======== Data to process

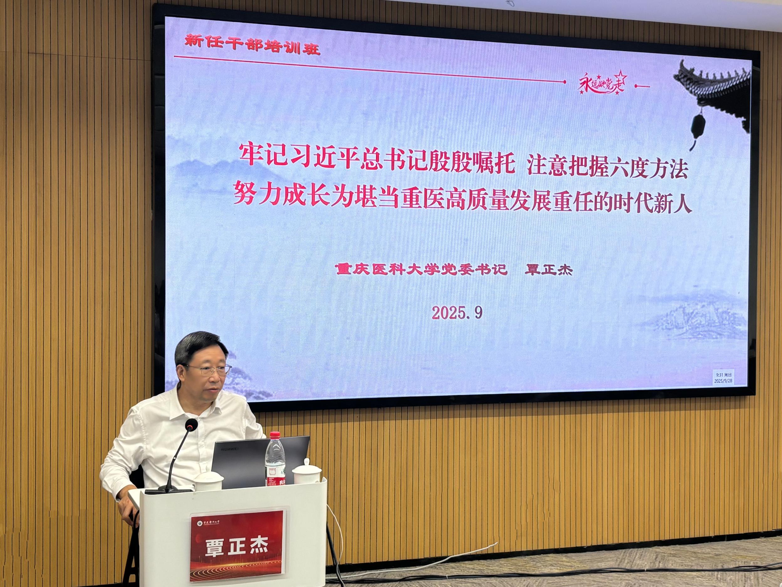 校党委书记覃正杰带头授课,围绕“牢记习近平总书记殷殷嘱托,把握六度成长方法,努力成长为堪当重医高质量发展重任的时代新人”这一主题,阐述了对年轻干部的七方面要求,并详细讲解了六度成长方法。同时,他还强调了年轻干部要在重医高质量党建、高质量发展、高效能治理中担当作为,助力大家成为堪当重医高质量发展重任的时代新人。
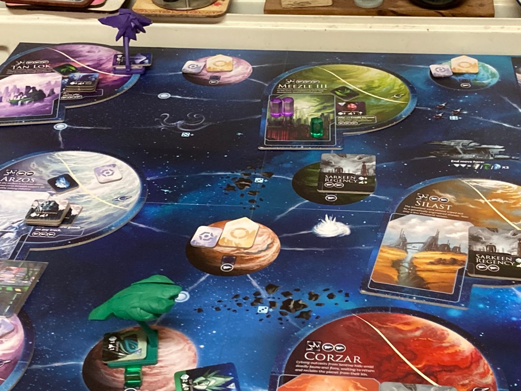 Our game was fairly peaceful between the players, even though it got brutal on some of the planets. Lee conquered a few places, although he left one planet alone when a kaiju escaped from a zoo and started wrecking things. I managed to send some scouts out to rescue people from a crash on a snow planet.
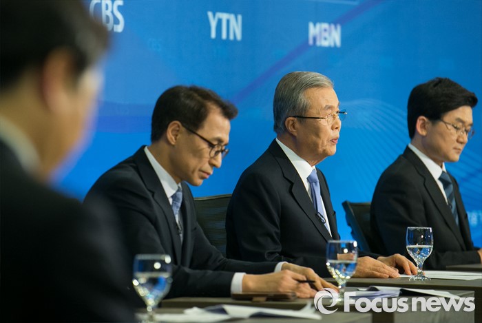 (서울=포커스뉴스) 김종인(왼쪽 세번째) 더불어민주당 비대위 대표 겸 선대위원장이 6일 오후 서울 종로구 세종문화회관에서 열린 한국방송기자클럽 초청 토론회에 참석해 모두발언을 하고 있다.
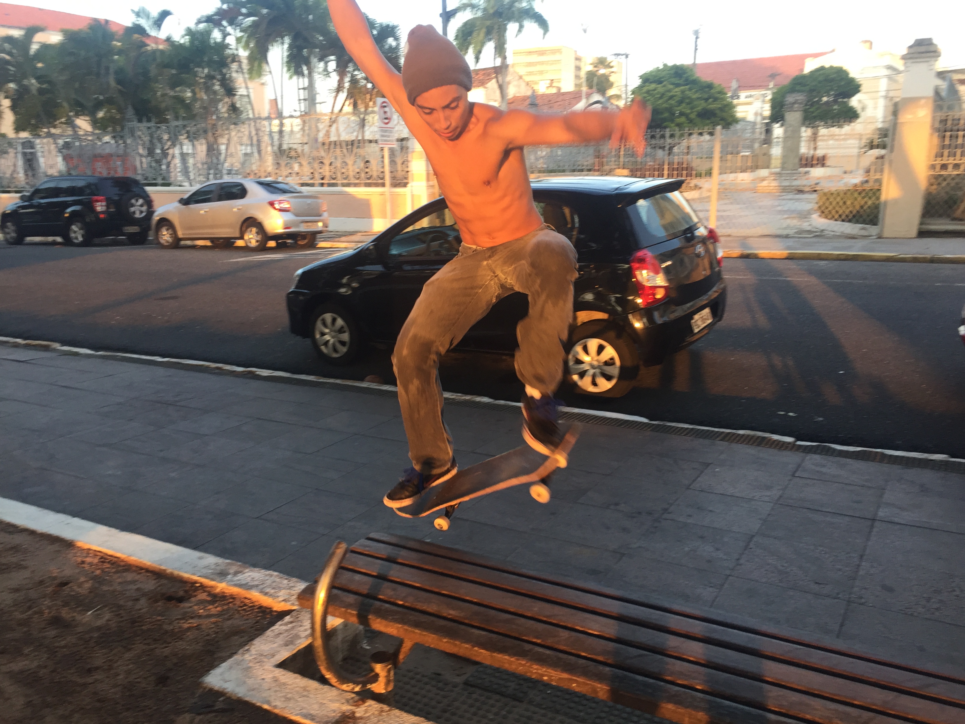 “Aonde for para andar de skate, dá certo para mim”, afirmou. Ele comenta que também vai em outros lugares praticar as suas manobras, como o Presépio de Natal, no bairro da Candelária.
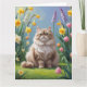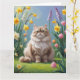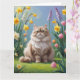 A cheerful Cat sits peacefully on lush green grass, surrounded by colourful spring blooms under a soft blue sky. This digital oil painting captures a serene moment with expressive brushstrokes, warm colours, and a sense of gentle joy.
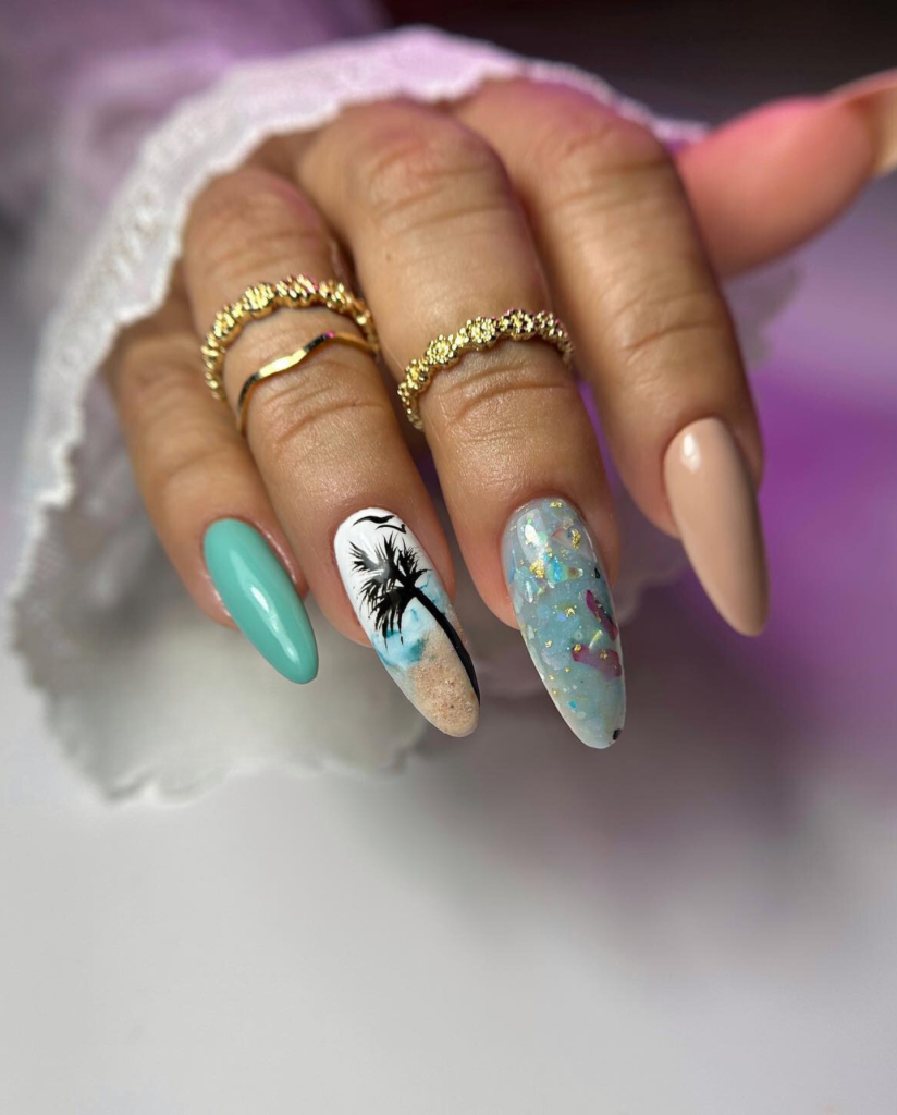 Inspired by the refreshing caress of the ocean waves, these elongated almond-shaped nails depict the harmonious blend of various shades of blue along with the sparkle of ocean foam. One particular nail stands out with a palm tree silhouette against the soft light of twilight, expressing the serenity of a beach at sunset. This design is for the ones who have the ocean in their souls and, thus, transfer the gentle whispers of the sea to others.
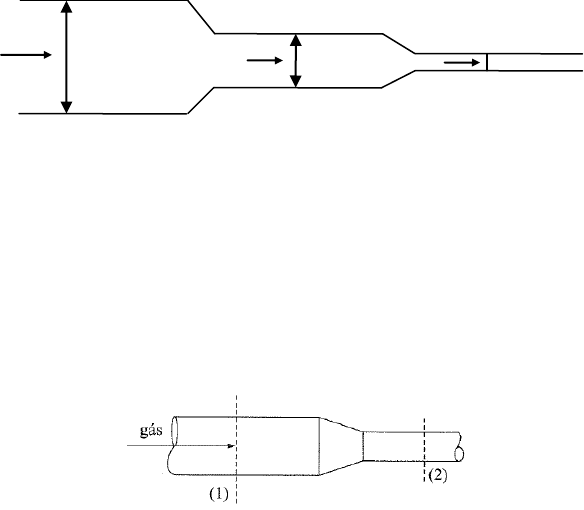 Fenômenos de Transporte I - Lista de Exercícios P2 Conservação de Massa (Equação da Continuidade) 1) Água ( 10³ kg/m³ ) escoa por um tubo de seção circular com duas reduções de área de seção. O fluido tem velocidade no ponto (1) igual a 1v 0,5 m/s . Os diâmetros do tubo em cada ponto são: 1D 1 m , 2D 0,7 m e 3D 0,3 m . Calcule: a) A vazão volumétrica, mássica e de peso pelo tubo. (g 9,8 m/s² ) b) As velocidades nos pontos 2 e 3. Resp.: Q 0,393 m³/s , MQ 392,7 kg/s , Q 3848,5 N/s G , 2v 1,02 m/s , 3v 5,56 m/s 2) Um gás escoa em regime permanente no trecho de tubulação da figura. Na seção (1), tem-se 1 20 cm²A , 1 4 kg/m³ e 1v 30 m/s . Na seção (2), 2 10 cm²A e 2 12 kg/m³ . Qual é a velocidade na seção (2) ? Dica: Como as densidades são diferentes, as vazões mássicas são iguais e não as volumétricas. (pág. 75, Mecânica dos Fluidos – Franco Brunetti 2ª edição revisada) Resp.: 2v 20 m/s 3) Um gás (γ 5 N/m³ ) escoa em regime permanente com uma vazão de 5 kg/s pela seção A de um conduto retangular de seção constante de 0,5 m por 1 m. Em uma seção B, o peso específico do gás é 10 N/m³. Qual será a velocidade média do escoamento nas seções A e B? (g = 10 m/s²) Resp.: Av 20 m/s , Bv 10 m/s . 4) Uma torneira enche de água um tanque, cuja capacidade é 6.000 L, em 1 h e 40 min. Determine a vazão em volume, em massa e em peso em unidade do SI se 2H O 1.000 kg/m³ e 10 m/s²g . 1D 2D 3D 1v 2v 3v Resp.: 1 L/sQ , 1 kg/sMQ e 10 N/sGQ . 5) Os reservatórios da figura são cúbicos. São cheios pelos tubos, respectivamente, em 100 s e 500 s. Determinar a velocidade da água na seção (A), sabendo que o diâmetro do nessa seção é 1 m. (Exercício 3.9, pág. 80, Mecânica dos Fluidos – Franco Brunetti 2ª Edição Revisada) Resp.: Av 4,14 m/s 6) O tanque cilíndrico mostrado na figura abaixo é alimentado pelas seções (1) e (2) com as vazões indicadas na figura. Determine a velocidade média na seção de descarga do tanque, sabendo que o nível da água no tanque permanece constante ao longo do tempo. (Exercício 5.10, pág. 246, Mecânica dos Fluidos – Munson, 4ª edição) Resp.: 3v 0,7 m/s Conservação de Energia (Bernoulli) 1) Água ( 10³ kg/m³ ) escoa por um tubo de seção circular com duas reduções de área de seção. O fluido tem velocidade no ponto (1) igual a 1v 0,5 m/s e pressão relativa 5 1P 1,5 10 Pa . Os diâmetros do tubo em cada ponto são: 1D 1 m , 2D 0,7 m e 3D 0,3 m . Calcule as pressões nos pontos 2 e 3. Resp.: 5 2P 1,55 10 Pa , 5 3P 1,47 10 Pa 2) Água escoa em regime permanente no Venturi da figura. No trecho considerado, supõem-se perdas por atrito desprezíveis e as propriedades uniformes nas seções. A área (1) é 20 cm², enquanto a da garganta (2) é 10 cm². Um manômetro cujo fluido manométrico é mercúrio ( Hg 136.000γ N/m³ ) é ligado entre as seções (1) e (2) e indica o desnível mostrado na figura. Pede-se a vazão da água que escoa pelo Venturi. ( 2H O 10.000γ N/m³ ) (pág. 89, Mecânica dos Fluidos – Franco Brunetti 2ª edição revisada) Resp.: Q 5,8 L/s 3) Água escoa num conduto com uma contração na seção como mostrada na figura abaixo. Em cada sistema, há um piezômetro e um tudo de pitot para medir a pressão em cada seção. Determine a vazão em volume na contração em função de D para os três sistemas sabendo que a diferença de alturas no manômetro é constante e igual a 0,2 m. (Exercício 3.31, pág. 133, Mecânica dos Fluidos – Munson, 4ª edição) 1D 2D 3D 1v 2v 3v 0,6 m 0,7 m Resp.: a) 2Q 1,56D . b) Não existe (provar que Q é irracional, e que necessariamente a altura da coluna no pitot deve ser maior que no piezômetro neste caso). c) Q = 0,0156 m³/s para qualquer D. 4) A figura abaixo mostra o escoamento de água numa redução com vazão Q. A pressão estática em (1) e em (2) são medidas com um manômetro em U invertido que utiliza óleo, densidade relativa igual à SG, como fluido manométrico. Nestas condições, determine a leitura no manômetro (h). (Exercício 3.58, pág. 137, Mecânica dos Fluidos – Munson, 4ª edição) Resp.: 2 4 2 1 2 2 14 2 1 D DQ g SGD h 5) Um método para se produzir vácuo numa câmara é descarregar água por um tubo convergente-divergente, como é mostrado na figura. Qual deve ser a vazão em massa de água pelo convergente-divergente, para produzir uma depressão de 22 cm de mercúrio na câmara da figura? Dados: desprezar as perdas de carga; 2 4 3 H N m10O ; 2 m s10g ; 1 72 mmD ; 2 mm36D . ( 5760 mmHg 1,01 10 Pa ) (Exercício 4.9, pág. 109, Mecânica dos Fluidos – Franco Brunetti 2ª edição revisada) Resp.: MQ kg/s8,14 6) Determinar a velocidade do jato de líquido no orifício do tanque de grande dimensões da figura abaixo. Considerar fluido ideal (incompressível e invíscido). (Exercício 4.1, pág. 107, Mecânica dos Fluidos – Franco Brunetti 2ª edição revisada) Resp.: 2v gh 7) Água escoa sob a comporta deslizante mostrada na figura abaixo. Estime o valor da vazão em volume de água na comporta por unidade de comprimento de canal. Assuma que 2 0,61z a , onde 0,61 é o fator de compressão do fluido após a saída pela comporta. Repare que a altura do fluido após a comporta não tem a mesma altura da comporta. (Exemplo 3.12, pág. 118, Mecânica dos Fluidos – Munson, 4ª edição) Resp.: 4,61 m³/sQ 8) Água escoa sobre um vertedouro triangular como o mostrado na figura abaixo. Se a vazão em volume é Q0 quando H = H0, estime qual é a vazão quando a profundidade aumenta para H = 3H0. (Exemplo 3.13, pág. 120, Mecânica dos Fluidos – Munson, 4ª edição) Resp.: 0/ 15,6Q Q 9) Água escoa em regime permanente nos tanques mostrados na figura abaixo abaixo. Determine a profundidade da água no tanque A (hA). Dica: Faça Bernoulli entre o topo do tanque B e o tubo de saída em B para calcular a vazão Q. (Exercício 3.58, pág. 137, Mecânica dos Fluidos – Munson, 4ª edição) Re
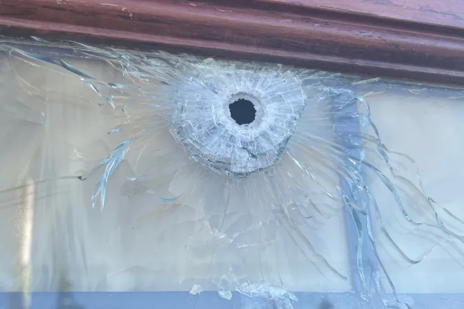 Las fotos enviadas a CNA muestran daños en el exterior de la iglesia, incluido un agujero de bala en una ventana. Las puertas y los marcos de puertas también sufrieron daños. Las fotos muestran una ventana exterior rota sobre una entrada de dos puertas con vidrios rotos por debajo.
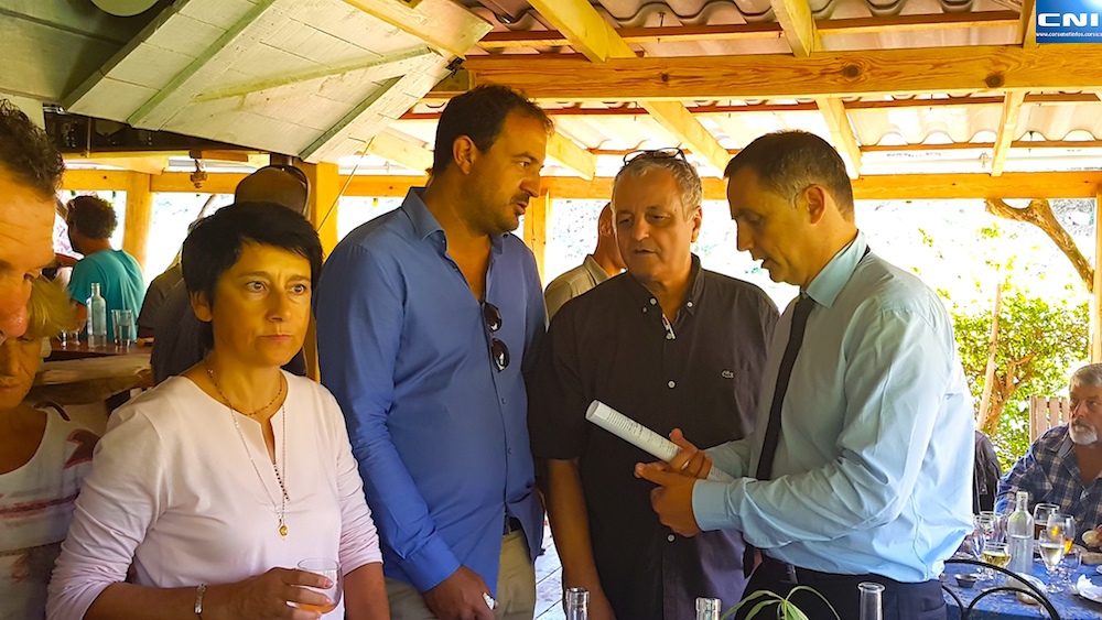 François Alfonsi, le maire d'Osani, les membres du conseil municipal, Gilles Simeoni, président du Conseil exécutif, Jean-Philippe Legueult, directeur de cabinet du préfet, Fabienne Giovannini, présidente de l'AUE

================

Exercise requirements
The response must match the data line for line, from its first line through the line with "(서울=포커스뉴스) 김종인(왼쪽 세번째)", inclusive, and must leave out the pictures.

Output below
 校党委书记覃正杰带头授课,围绕“牢记习近平总书记殷殷嘱托,把握六度成长方法,努力成长为堪当重医高质量发展重任的时代新人”这一主题,阐述了对年轻干部的七方面要求,并详细讲解了六度成长方法。同时,他还强调了年轻干部要在重医高质量党建、高质量发展、高效能治理中担当作为,助力大家成为堪当重医高质量发展重任的时代新人。
 Our game was fairly peaceful between the players, even though it got brutal on some of the planets. Lee conquered a few places, although he left one planet alone when a kaiju escaped from a zoo and started wrecking things. I managed to send some scouts out to rescue people from a crash on a snow planet.
 (서울=포커스뉴스) 김종인(왼쪽 세번째) 더불어민주당 비대위 대표 겸 선대위원장이 6일 오후 서울 종로구 세종문화회관에서 열린 한국방송기자클럽 초청 토론회에 참석해 모두발언을 하고 있다.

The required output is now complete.